Consiguió Batallé que dejara de reír y contestara a sus desesperadas preguntas. Sí, el periodista sabía que Antón Batallé era un dirigente de Alianza Popular y había escrito un librote de éxito titulado Mis tardes de pesca con Franco o algo así, y que estaba casado con una Villajoyosa y tenía ocho hijos y vivía en Madrid y…
Sin capacidad de reacción, sin sangre casi en las venas, él mismo fue reconstruyendo el resto sin ayuda del periodista. Era, en realidad, la mar de simple: aquel famoso día que el pacto con la derecha acababa de borrar de la agenda de la Transición, jamás existió en su vida y en consecuencia no se hirió en la pierna fortuitamente y por eso ahora no cojeaba y por lo tanto no fue al hospital y nunca conoció allí a la enfermera Madrona ni se casó con ella ni tuvo un hijo ni ingresó en el partido ni habitó jamás esta casa que, sin la resistencia de su mujer, acabó en manos de la inmobiliaria y fue destinada al derribo, y por eso ahora, en el solar, construían un nuevo edificio. Pero eso no era todo, lo intuía, lo sabía (y Martí se lo confirmó): Laureyanu de la Mora no recordaría tampoco haber vivido cierto día, años atrás, no fue a París para asistir a ninguna reunión, en vez de ello vino a Barcelona a la clínica del doctor Barraquer y se operó de cataratas y riñó con su prometida burgalesa de entonces y en la clínica conoció a una enfermera llamada Madrona Foix, adscrita al PSUC, con la cual casó y tuvo un hijo que hoy era el director literario de Ediciones Unión, donde el propio Batallé había publicado su libro Mis tiros al pichón con Franco o algo así…
—Es usted muy de la broma, oiga —dijo Martí—. Va, ex ministro, que es tarde y tengo sueño…

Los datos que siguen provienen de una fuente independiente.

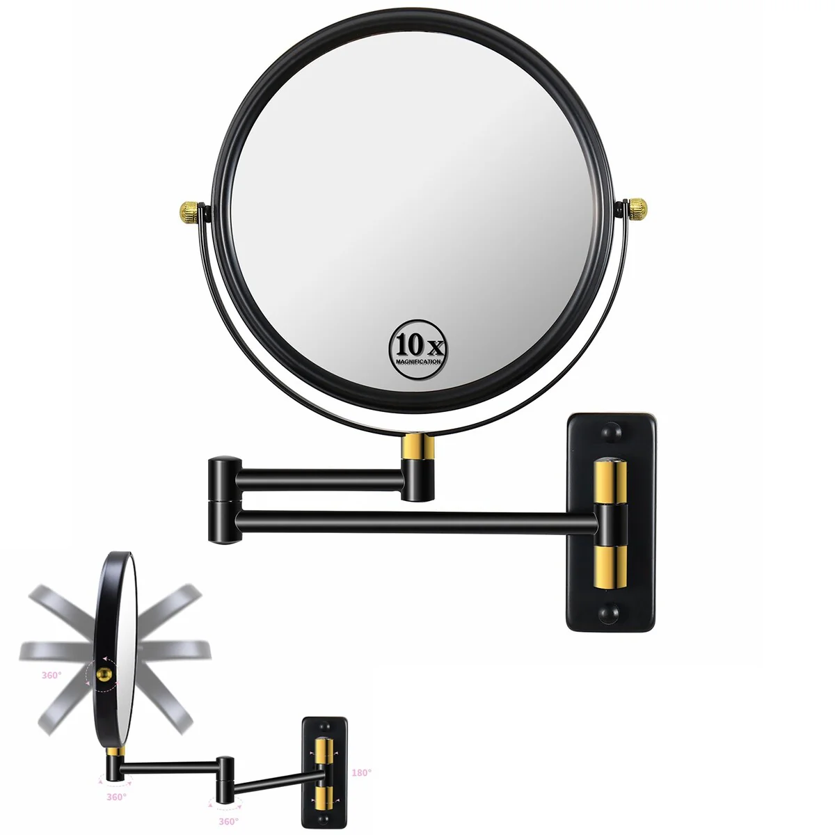 360掳 Swivel Wall Mounted Makeup Vanity Mirror with Extension Arm, 1X / 10X Magnification Mirror, 8-inch Makeup Mirror
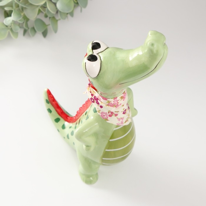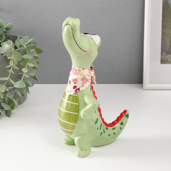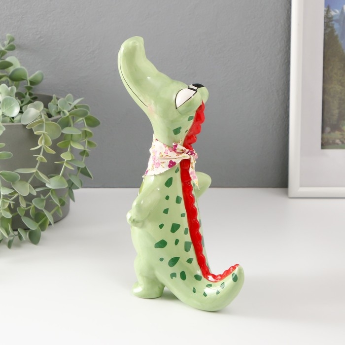 Сувенир керамика "Крокодил с косынкой" зелёный 14,2х9,5х24,5 см
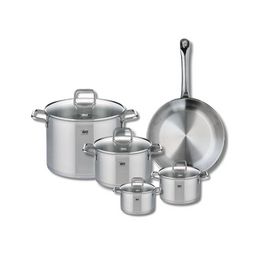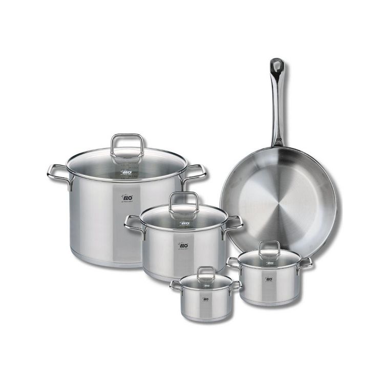 Découvrez l'ensemble de cuisson Elo Profi Citrin, une batterie de cuisine polyvalente et robuste, idéale pour tous vos besoins culinaires. Ce lot comprend une poêle de cuisson de 28 cm et quatre faitouts de différentes tailles : 12, 14, 20 et 26 cm. Fabriqués en inox de haute qualité, ces ustensiles
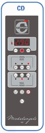 ВЕРСИЯ CD: Система управления с помощью электронной платы; возможность установки температуры в камере и мощности двух блоков нагревательных элементов (верха и пода) по отдельности: OFF – выключено, MIN – 33 % или MAX – 100 %; звуковой сигнал об окончании приготовления; программируемое включение печи с обратным отсчетом до 99 часов.
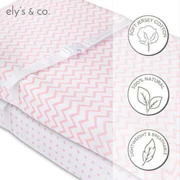 Show more Mommies and daddies, meet the Changing Pad Cover 2 Pack – your essential companion for keeping your baby’s changing station chic and comfortable! Crafted from 100% jersey cotton, this set features delightful designs, including pink and white chevron and polka dots, ensuring that style meets functionality. Perfectly designed to make diaper changes smooth sailing, these covers are gentle against your baby's skin, allowing for a cozy and irritation-free changing experience. The durable fabric guarantees longevity, while the playful patterns add a fun touch to your nursery decor.

Batallé dejó caer el auricular, ya no le quedaban monedas. Así pues, era miembro de Alianza Popular, y Laureyanu de la Mora, donde quiera que estuviese, era miembro del PSUC. Sin capacidad de asombro vio entonces llegar a sus dos colaboradores, que le habían estado esperando en el aeropuerto, y sin oponer resistencia se dejó sacar de la cabina y meter en el coche y llevar hasta El Prat, donde fue literalmente izado al avión para volar luego hacia Madrid, hacia un despacho y unas responsabilidades y una mujer y unos hijos que no conocía. ¿O sí los conocía? Identificó, en un fugaz parpadeo de lucidez, a sus dos solícitos colaboradores que le atiborraban de café: los hermanos Banau, fúnebres periodistas de El Alcázar. Le quedaba el consuelo de pensar, mientras se amodorraba planeando sobre la capital del reino, que Laureyanu de la Mora aún salía peor parado con el pacto, ya que le esperaban grotescos y abultados nudos de corbata y espantos de incompetencia en el espejo, una cojera para toda la vida, una úlcera, una mujer insoportable y una nuera ácrata.

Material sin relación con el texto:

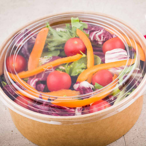 Provide fresh and secure takeout salad orders with the Bio Tek Salad Container Round Clear Plastic Lids. Constructed from durable, high-quality plastic, these clear lids securely seal our 44-ounce Bio Salad Containers to keep contents intact (SKU: RWA0346-50). These clear plastic lids allow for quick and easy monitoring of salad levels through their crystal-clear finish. To create an impenetrable barrier against leaks and spills for dependable transport, these round lids fit tightly onto their coordinating containers with ease. To shorten the cleanup time, these transparent lids are disposable. These container lids simplify handling and passing out of takeout salad orders. Each container lid measures 7.25 inches in diameter by 0.5 inches in height. Sold in a 50 count box. Lids and containers are sold separately.
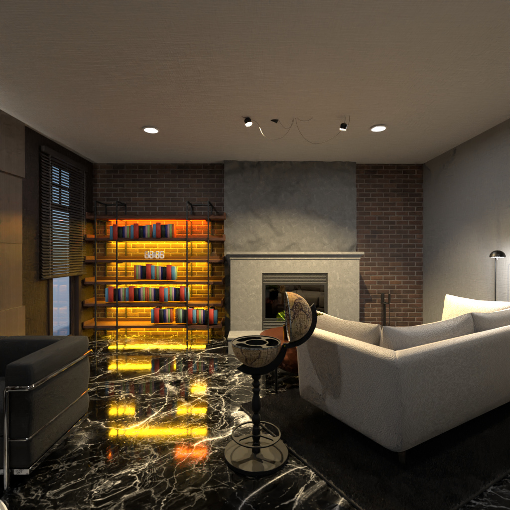 Design Sie ein Wohnzimmer mit diesen Materialien: Ziegel, Metall, Leder.
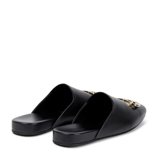 Ease into a luxe state of mind with these soft leather slippers from Balenciaga. Set on a flat sole, the design is shaped with a square toe and is topped with polished golden-hued BB hardware. Wear yours with a denim jacket and jeans from the label for a contemporary look.
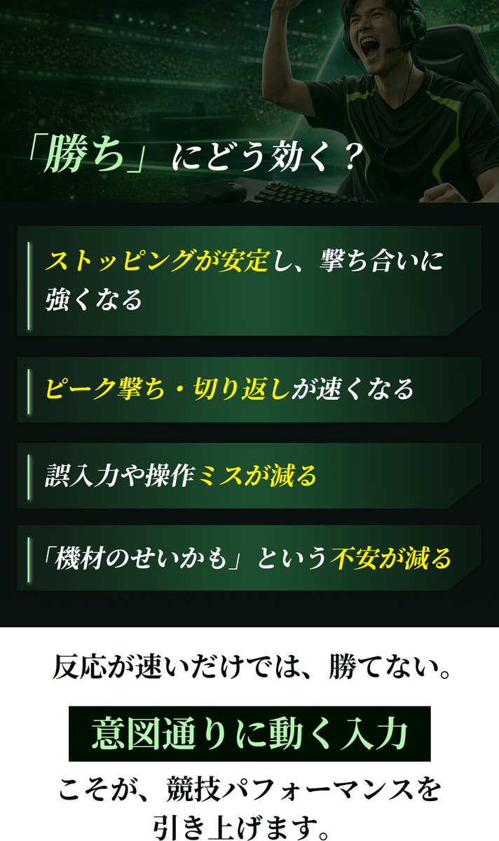 ゲーム中の操作を意図どおりにコントロールしやすくなり、快適なプレイやタイピングをサポートします。
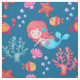 Cute mermaid pattern underwater / sea theme nursery fabric pattern for kids room decor nursery decoration and craft projects.
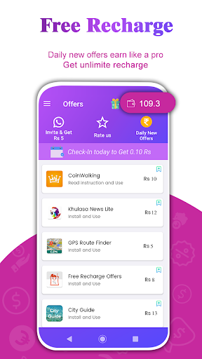 Free Recharge, Wallet Cash, Earn Talktime, Free Balance, Refer and Earn, Game Play and Earn

En cuanto a él, lo más humillante, lo más insufrible y cretino, era —lo estaba leyendo en la agenda— una cena para mañana mismo con el beatorro de don Santiago Udina Martorell.
Dos años después volvería a encontrarse con Laureyanu de la Mora en una estrambótica y soñolienta coalición gubernamental, e intercambiaron fatigas reumáticas y oculares, recuerdos y mentiras. Bien mirado, no había gran cosa que lamentar: habían hecho con el pasado lo que buenamente habían podido, puesto que poco o nada habían sabido hacer con el porvenir.